Oltre a questo, Agriculture and Agri-food Canada vanta un programma di prestiti denominato ‘Growing Forward’ attraverso il quale è possibile ricevere finanziamenti per i progetti che sostengono o rinnovano il settore agricolo. A mio avviso, sarebbe una buona strategia imprenditoriale costruire in Canada – approfittando di finanziamenti e regimi fiscali favorevoli – ed esportare nel resto del mondo.”

 

La bioeconomia e l’economia circolare sono due paradigmi economici sempre più diffusi, ma l’opinione pubblica ancora fatica a comprendere questo concetto. Come possono stakeholder e autorità comunicare meglio i vantaggi dei prodotti biobased rispetto a quelli di origine fossile?

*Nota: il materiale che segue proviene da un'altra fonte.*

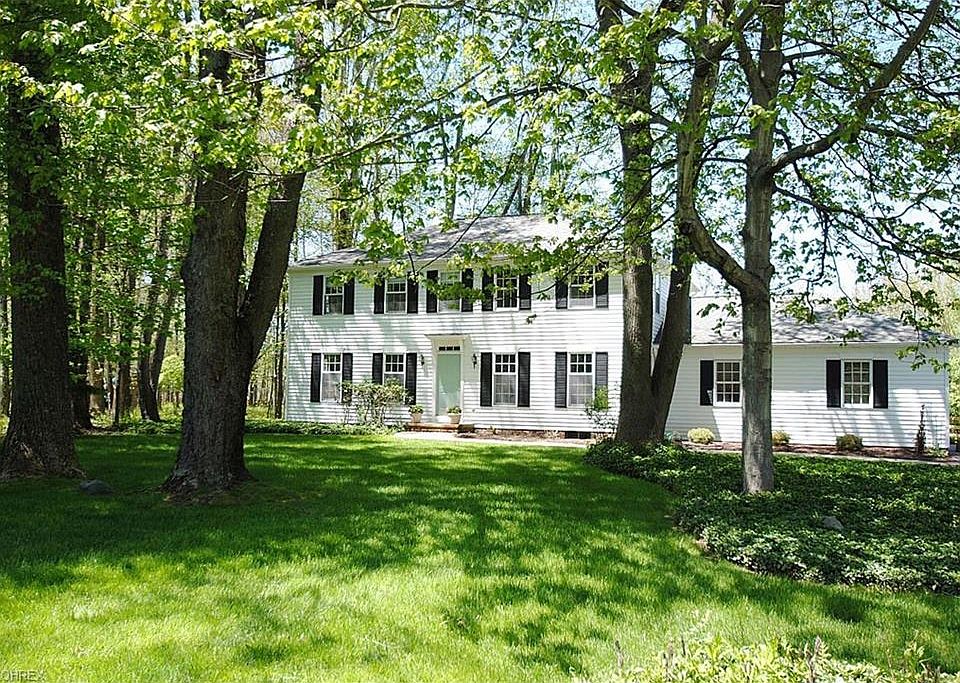 Beautiful colonial in great condition w/ younger mechanicals & roof. The newer kitchen has granite counters, cherry cabinets & a sliding door to the deck & an incredible view that overlooks the Chagrin River. Enjoy 2.3 acres w/ the back yard being limited with a deck, but which has a large side & front yard, sitting on a quiet cul-de-sac. Steps could be installed down the hill for easy access to the river since the lot extends all the way down to it. It is not the home for anyone looking for a large backyard. Beautiful hardwood floors run throughout the entire first floor w/ slate in the foyer. The family room has a great rustic fireplace & large doorway to the living room allowing it to be part of the family room for a large crowd. The Master Bath shower is "handicap friendly" but is also the "newer style" that is more open. The laundry room is off the back hallway & doubles as a mudroom. This is a one owner home with many great improvements & some fresh painting . Priced for the new buyer to update baths as they like or to finish the lower level if desired. Although Moreland Hills, this is in the award winning Chagrin Schools District!

“La pubblicità è fondamentale, ma per favorire la disponibilità di bioprodotti occorre un mercato: la cosa migliore che i governi dovrebbero fare è dare il buon esempio. Si consideri proprio il programma Biopreferred che ha lo scopo di incentivare l’acquisto e l’utilizzo di prodotti e materiali biologici. Un aspetto peculiare è che – secondo le leggi federali – tutte le agenzie federali e gli appaltatori devono acquistare bioprodotti certificati in categorie identificate dal ministero dell’Agricoltura statunitense. Ciò ha portato a un aumento della domanda di biomateriali – creando un mercato – il che a sua volta ha ridotto i costi.

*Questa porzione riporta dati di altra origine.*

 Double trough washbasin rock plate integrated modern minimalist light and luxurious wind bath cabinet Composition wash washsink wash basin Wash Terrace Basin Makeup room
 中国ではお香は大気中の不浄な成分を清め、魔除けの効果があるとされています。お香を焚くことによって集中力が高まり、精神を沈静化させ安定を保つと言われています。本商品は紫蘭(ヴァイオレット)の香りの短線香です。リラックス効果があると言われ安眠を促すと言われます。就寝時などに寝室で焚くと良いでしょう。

Il Canada è sempre stato un solido sostenitore della Ricerca e Sviluppo e delle tecnologie pulite emergenti. Con il nuovo governo federale progressista, c’è un rinnovato impegno verso l’innovazione e la tecnologia pulita. Molti stakeholder hanno parlato al governo del ruolo positivo che la bioeconomia può svolgere per raggiungere l’obiettivo canadese di riduzione delle emissioni di gas serra.”

 

Come viene percepita oggi la bioeconomia dall’opinione pubblica canadese?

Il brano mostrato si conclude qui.